Tuesday, July 15, 2014

Gregory of Nazianzus on the Deity of the Holy Spirit

As I mentioned in my last post, Gregory of Nazianzus (ca. 329-390) spent his life standing against the fierce tide of Arianism that threatened to destroy the church. The main issue for which he, and others, contended was the unified but dual nature of Christ, that is, that Jesus is fully God and fully man. A less prominent but related issue, was the deity of the Holy Spirit. If those standing for biblical truth had to argue for what is plain on the pages of Scripture, so did they have to argue for that which is also plain but somewhat less obvious.

In a sermon entitled, “The Third Theological Oration—On the Son,” Gregory argued for the divinity of the Holy Spirit and then summed up his remarks with these insightful and inspiring remarks. I encourage you to read his words prayerfully and carefully, and to meditate on the reality of who the Holy Spirit is.

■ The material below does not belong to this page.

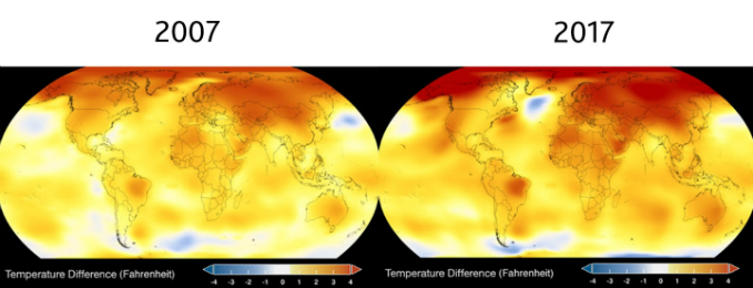 If we consider that the increase in the quantity of carbon dioxide raises, in turn, the Earth's temperature, we understand what this photograph presents us with: the terrible 10yearschallenge of global warming. In fact, the most recent IPCC report alerts us to the danger that the temperature may continue to rise, and that if we do not stay within the maximum levels established in the Paris Agreement, the consequences for the planet will be deadly.

“This, then, is my position with regard to these things, and I hope it may be always my position, and that of whoever is dear to me; to worship God the Father, God the Son, and God the Holy Ghost, these persons, one Godhead, undivided in honor and glory and substance and kingdom. For if He [the Holy Spirit] is not to be worshiped, how can he deify me by baptism? [See 2 Peter 1:4.] But if he is to be worshiped, surely he is an object of adoration, and, if an object of adoration, he must be God; the one is linked to the other, a truly golden and saving chain. And indeed from the Spirit comes our new birth, and from the new birth our new creation, and from the new creation our deeper knowledge of the dignity of Him from whom it is derived” (quoted from Christopher A. Hall, Reading Scripture with the Church Fathers [IVP Press: 1998, 76]).